(Records excerpted from a collection)
==================================================

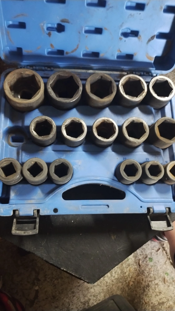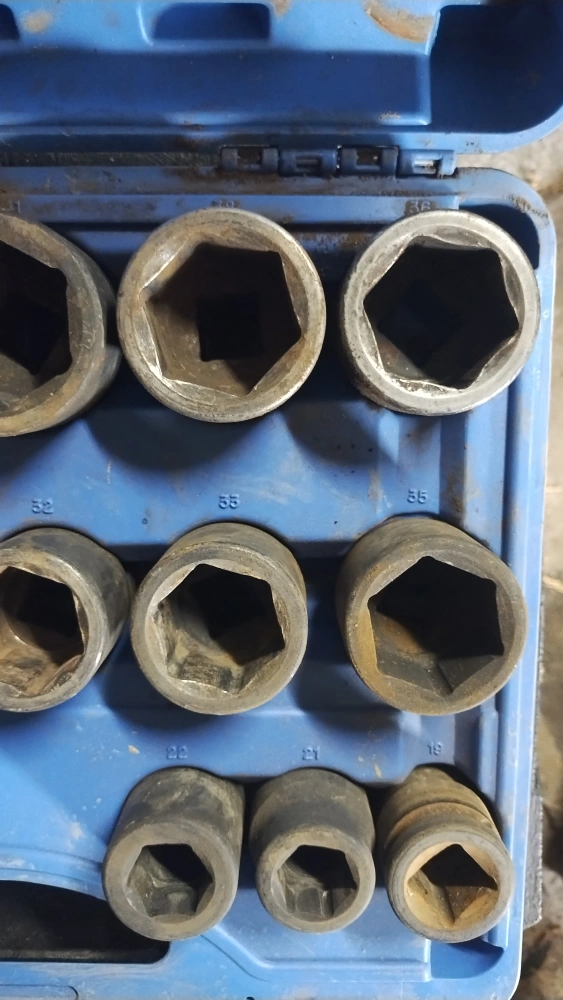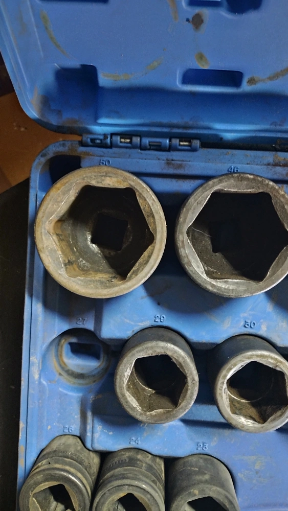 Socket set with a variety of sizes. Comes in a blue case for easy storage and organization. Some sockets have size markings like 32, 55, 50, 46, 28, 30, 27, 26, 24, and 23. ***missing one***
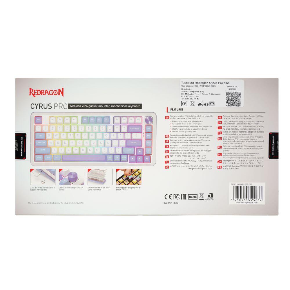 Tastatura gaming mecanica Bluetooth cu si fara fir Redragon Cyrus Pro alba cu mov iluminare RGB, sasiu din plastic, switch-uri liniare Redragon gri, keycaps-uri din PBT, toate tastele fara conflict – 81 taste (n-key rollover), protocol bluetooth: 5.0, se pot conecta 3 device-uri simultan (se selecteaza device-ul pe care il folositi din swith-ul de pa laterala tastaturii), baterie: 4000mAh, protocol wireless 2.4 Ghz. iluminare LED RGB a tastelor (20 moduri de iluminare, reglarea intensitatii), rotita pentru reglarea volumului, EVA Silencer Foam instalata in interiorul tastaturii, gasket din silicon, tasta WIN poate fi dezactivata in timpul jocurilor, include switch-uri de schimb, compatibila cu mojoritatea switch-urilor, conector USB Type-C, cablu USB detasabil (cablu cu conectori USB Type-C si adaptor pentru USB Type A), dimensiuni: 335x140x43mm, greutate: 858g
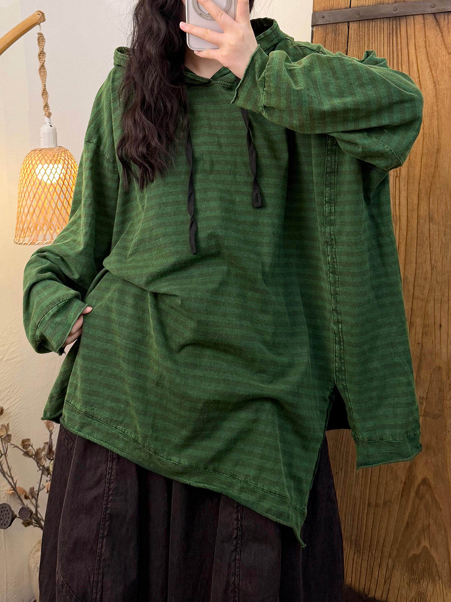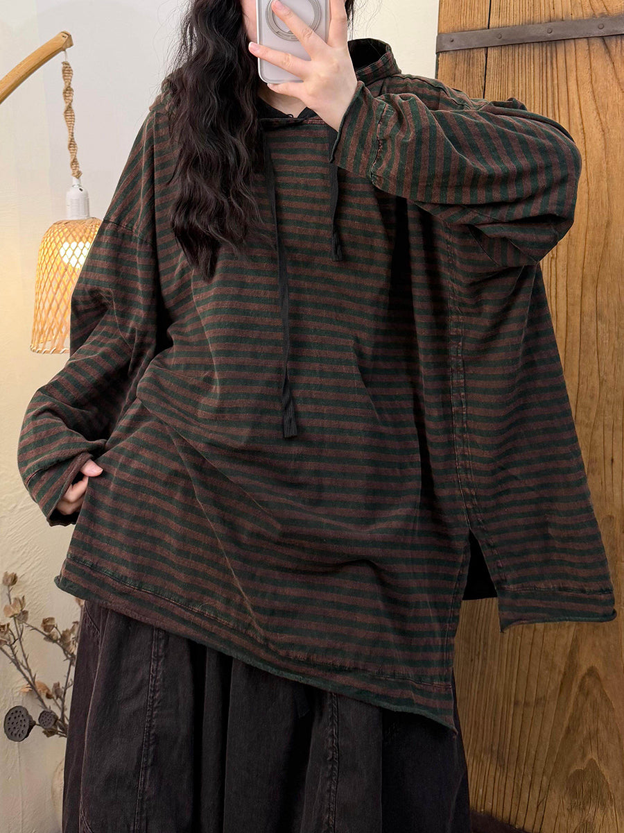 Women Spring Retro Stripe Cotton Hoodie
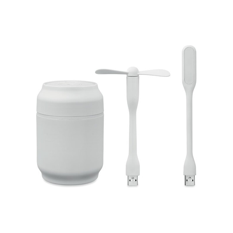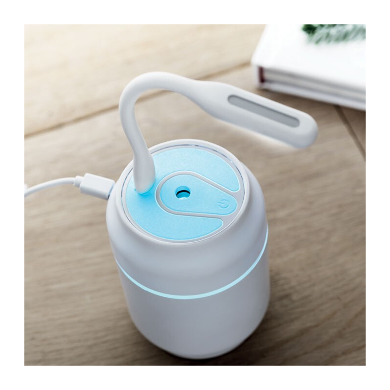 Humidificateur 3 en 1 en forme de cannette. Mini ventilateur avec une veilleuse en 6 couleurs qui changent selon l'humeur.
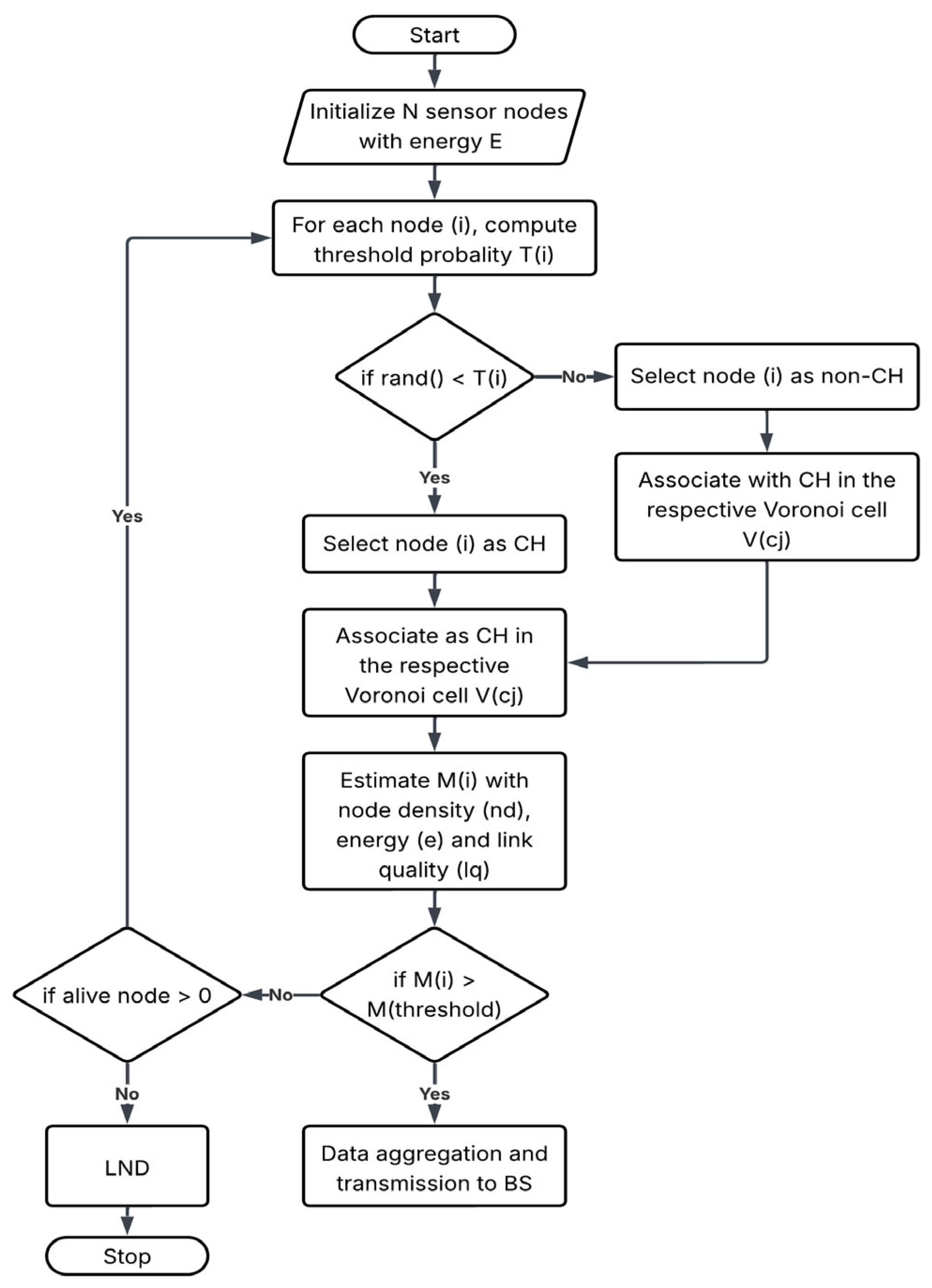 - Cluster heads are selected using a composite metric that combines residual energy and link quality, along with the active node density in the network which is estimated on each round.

==================================================

**Description of the task**:
Each entry should appear again exactly as written, pictures excluded.

**Finished task**:
 Socket set with a variety of sizes. Comes in a blue case for easy storage and organization. Some sockets have size markings like 32, 55, 50, 46, 28, 30, 27, 26, 24, and 23. ***missing one***
 Tastatura gaming mecanica Bluetooth cu si fara fir Redragon Cyrus Pro alba cu mov iluminare RGB, sasiu din plastic, switch-uri liniare Redragon gri, keycaps-uri din PBT, toate tastele fara conflict – 81 taste (n-key rollover), protocol bluetooth: 5.0, se pot conecta 3 device-uri simultan (se selecteaza device-ul pe care il folositi din swith-ul de pa laterala tastaturii), baterie: 4000mAh, protocol wireless 2.4 Ghz. iluminare LED RGB a tastelor (20 moduri de iluminare, reglarea intensitatii), rotita pentru reglarea volumului, EVA Silencer Foam instalata in interiorul tastaturii, gasket din silicon, tasta WIN poate fi dezactivata in timpul jocurilor, include switch-uri de schimb, compatibila cu mojoritatea switch-urilor, conector USB Type-C, cablu USB detasabil (cablu cu conectori USB Type-C si adaptor pentru USB Type A), dimensiuni: 335x140x43mm, greutate: 858g
 Women Spring Retro Stripe Cotton Hoodie
 Humidificateur 3 en 1 en forme de cannette. Mini ventilateur avec une veilleuse en 6 couleurs qui changent selon l'humeur.
 - Cluster heads are selected using a composite metric that combines residual energy and link quality, along with the active node density in the network which is estimated on each round.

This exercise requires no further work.